Noch kein Urteil in Schöffenprozess: Unbescholtener 66-Jähriger soll 13-jährige Tochter seiner Ex-Freundin sexuell genötigt und missbraucht haben.

Die Verbrechen des sexuellen Missbrauchs von Unmündigen und der geschlechtlichen Nötigung werden dem Angeklagten vorgeworfen. Dafür beträgt der Strafrahmen für den Fall eines Schuldspruchs sechs Monate bis fünf Jahre Gefängnis.

Verhandlung wurde vertagt

Im Schöffenprozess am Landesgericht Feldkirch erging am Dienstag noch kein Urteil. Richterin Silke Sandholzer vertagte als Vorsitzende des Schöffensenats die Verhandlung auf unbestimmte Zeit. In der Anklageschrift der Staatsanwaltschaft Feldkirch wird dem Angeklagten zur Last gelegt, er habe in der Nacht vom 20. auf 21. Mai 2021 in Dornbirn eine 13-Jährige geschlechtlich genötigt und sexuell missbraucht. Demnach soll der heute 66-Jährige die unmündige Tochter seiner Ex-Freundin in deren Kinderzimmer aufgesucht haben. Dabei soll er das Mädchen aufs Bett gedrückt und ihre Aufforderung, sie in Ruhe zu lassen, ignoriert haben. Der Angeklagte habe dann die Geschlechtsteile und die Brüste der 13-Jährigen angegriffen, sagte Staatsanwalt Simon Mathis in seinem Anklagevortrag.

Anklage: Pensionist missbrauchte Mädchen
Landesgericht Feldkirch HARTINGER

Die Liebesbeziehung des angeklagten Witwers mit der Mutter des Mädchen sei beendet gewesen, so der öffentliche Ankläger. Der Angeklagte sei zu einer Aussprache in die Wohnung seiner Ex-Freundin gekommen. Er habe gewusst, dass das Mädchen erst 13 Jahre alt und damit noch unmündig gewesen sei.
Beim Angeklagten handelt es sich um einen unbescholtenen Türken, der im Bezirk Dornbirn lebt. Die Ehefrau des Pensionisten ist 2017 gestorben. Die Kinder des Familienvaters sind volljährig.

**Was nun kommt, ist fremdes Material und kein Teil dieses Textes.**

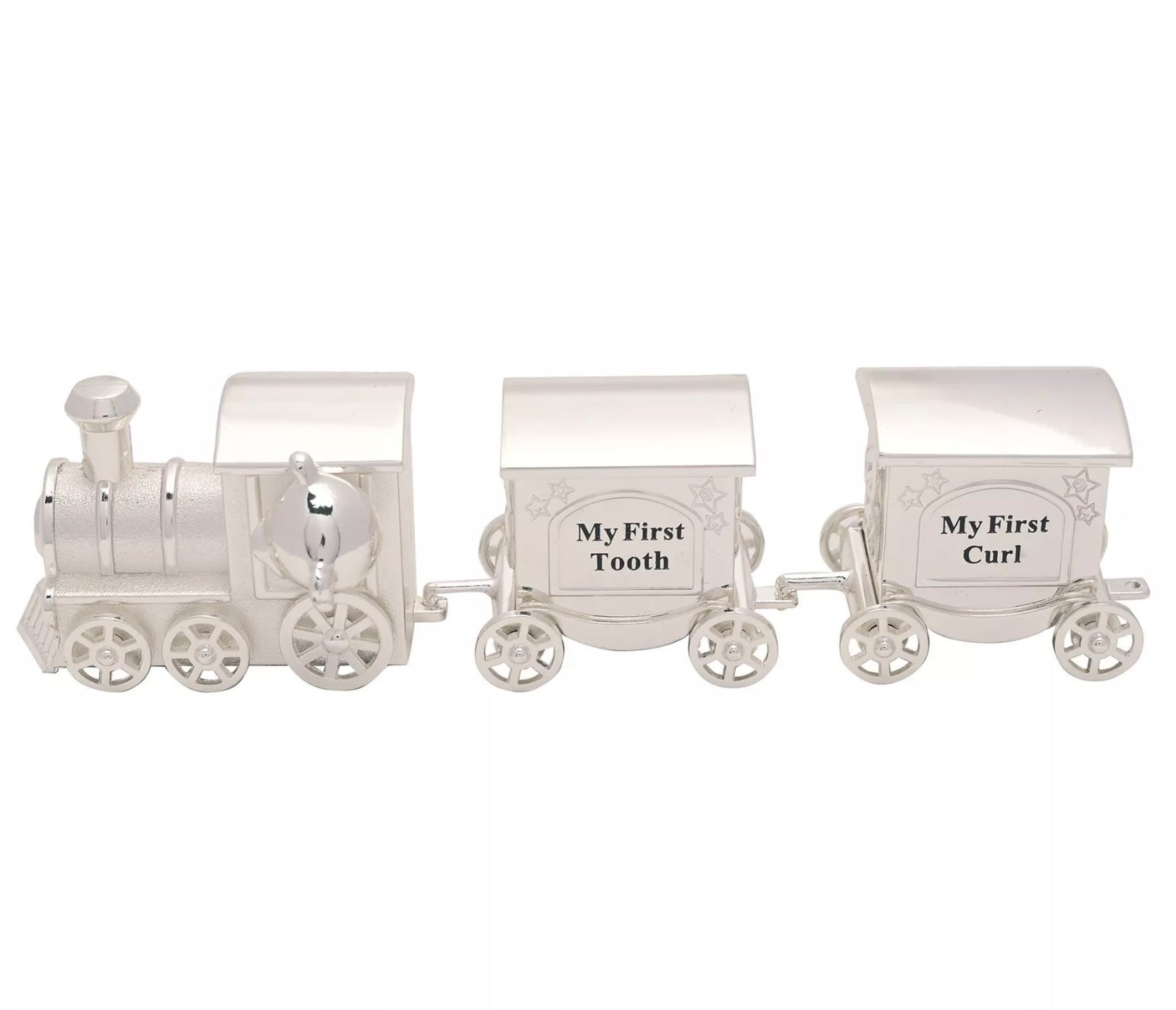 A stunning silverplated train set with first tooth and first curl carriages from CELEBRATIONS® Whether it's for a baby shower, first birthday, christening or just to welcome a newborn into the family, this keepsake train set will be treasured for many years. The two carriages are embellished with adorable motifs of teddy bears and labelled 'My First Tooth' and 'My First Curl'. With its timeless silverplated design, this keepsake box train set will look great on display in any home and is complemented with attractive, satin lined packaging.

Verteidiger plädiert auf Freispruch

Der Angeklagte bestreitet die Vorwürfe und sagte, er sei nicht schuldig. Verteidiger Max-Benjamin Ellensohn beantragte einen Freispruch. Ellensohn sagte, die Kindesmutter habe sich zur angeblichen Tatzeit in der Küche ihrer Wohnung befunden und hätte bemerkt, wenn der Angeklagte sich im angrenzenden Kinderzimmer aufgehalten hätte. Zumal die Wände in der Wohnung hellhörig seien. Der Angeklagte habe sich aber in der fraglichen Zeit gar nicht in der Wohnung in Dornbirn aufgehalten, brachte der Verteidiger vor. Dafür gebe es Zeugen. Der Rechtsvertreter des Angeklagten deutete eine Verschwörung gegen seinen Mandanten an: Die Kindesmutter habe gesagt, sie werde sich am Angeklagten rächen. Ellensohn stellte während der Gerichtsverhandlung nicht weniger als zwölf Beweisanträge. So beantragte er eine Tatrekonstruktion in der Dornbirner Wohnung.